Monday, May 12, 2008

Tool Bags

This is my list of L.A. Tool Bags…

+The tool bag who takes 15 minutes to decide what seats he wants in the movie theater with assigned seating. I like the concept of assigned seating, because you can gaurantee yourself a nice spot, but I’ve missed the first five minutes of several movies due to the nitpickiness of the people in fron of me with their seat selectiong. News flash: The screen is 40 feet tall! You can see from wherever you’re sitting! Pick a seat and be done with it

+The tool bag who thinks it’s fun to bring her kids into a starbucks. Kids play. They make noise. They DON’T DRINK COFFEE. Take your kid to a park, tool bag.

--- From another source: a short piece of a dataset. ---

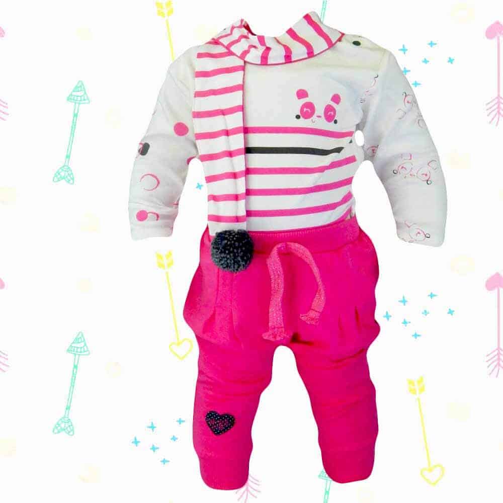 Setul pentru bebe are body, pantaloni si fular, ideal pentru sezonul primavara/toamna.

+The tool bags who wear crocs. Those shoes are not comfortable, and they’re ugly.

+The tool bags who make out at the taco stand. Really? Does the smell of re-heated double processed beef get you that horny?

+The tool bags who spend all their time at the gym on a cell phone. These tool bags walk around with an air of importance, making business calls at the gym. Is that hip? Does that make you cooler than the stodgy businessmen and hipper than the average joe’s trying to sweat off a few pounds. These tool bags don’t even bother to take the best antioxidant. They don’t care how to relieve stress. And they certainly aren’t trying to develop abs on a high fat diet. They’re toolbags with cell phones at the gym. Case closed.